There's more than one reason the new West Tisbury police chief officially made ninety-two-year-old Victoria Trumbull her deputy. For one thing, Victoria knows just about everything about everyone in Martha's Vineyard, not to mention their ancestors. Victoria may be afflicted with the usual aches and pains that descend on nonagenarians—she has a cutoff shoe to accommodate her bunion and a stout stick to help her on her walks across the fields and in the woods—but she is as sharp and as sharp-eyed as the proverbial tack. So it's not odd that when Victoria is the only one who notices something amiss among the gravestones of the West Tisbury cemetery, the chief listens.
And something is indeed amiss. Responding to a request by presumed relatives in the Midwest to disinter a coffin for reburying elsewhere, things go wrong from the start. The driver of the hearse coming to collect the coffin disappears during the Island ferry trip in a rainstorm. Other deaths—some of them irrefutably murder, the others suspicious—follow. And when, as a last measure, the coffin is found, dug up, and opened, it does not contain the expected body. Adding insult to injury, the coffin itself disappears.

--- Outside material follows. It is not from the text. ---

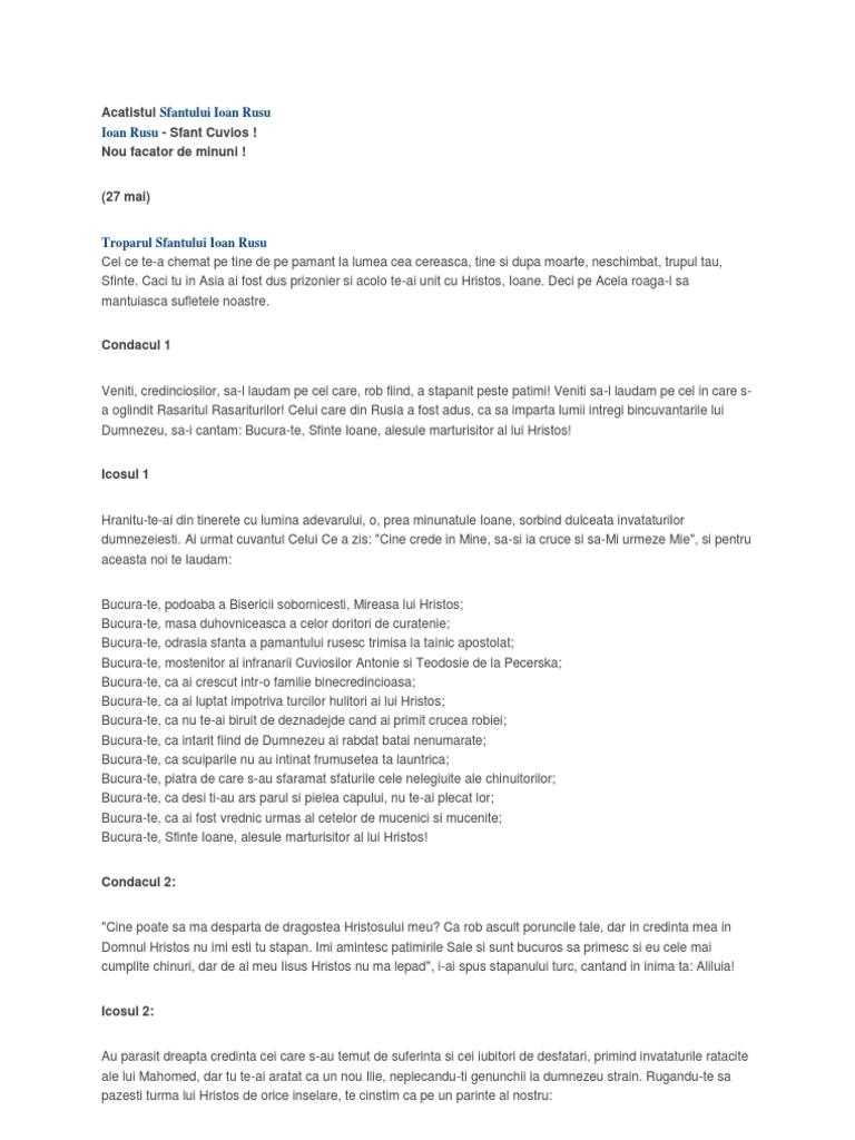Acatistul Sfantului Ioan Rusu Crestinortodox Ro

Meanwhile, the bedroom for rent in Victoria's house has been taken over by a woman and her raucous toucan, a bird as spoiled as the most bratty millionaire's heir. Victoria is graceful about her unwanted boarders, but they do interfere with her newspaper column—and with her efforts to discover whether the strange antics of the coffin are related to the murders.
Victoria is the most realistic and most delightful nonagenarian in mystery fiction. Her years have not blunted her intelligence nor her sharp wit.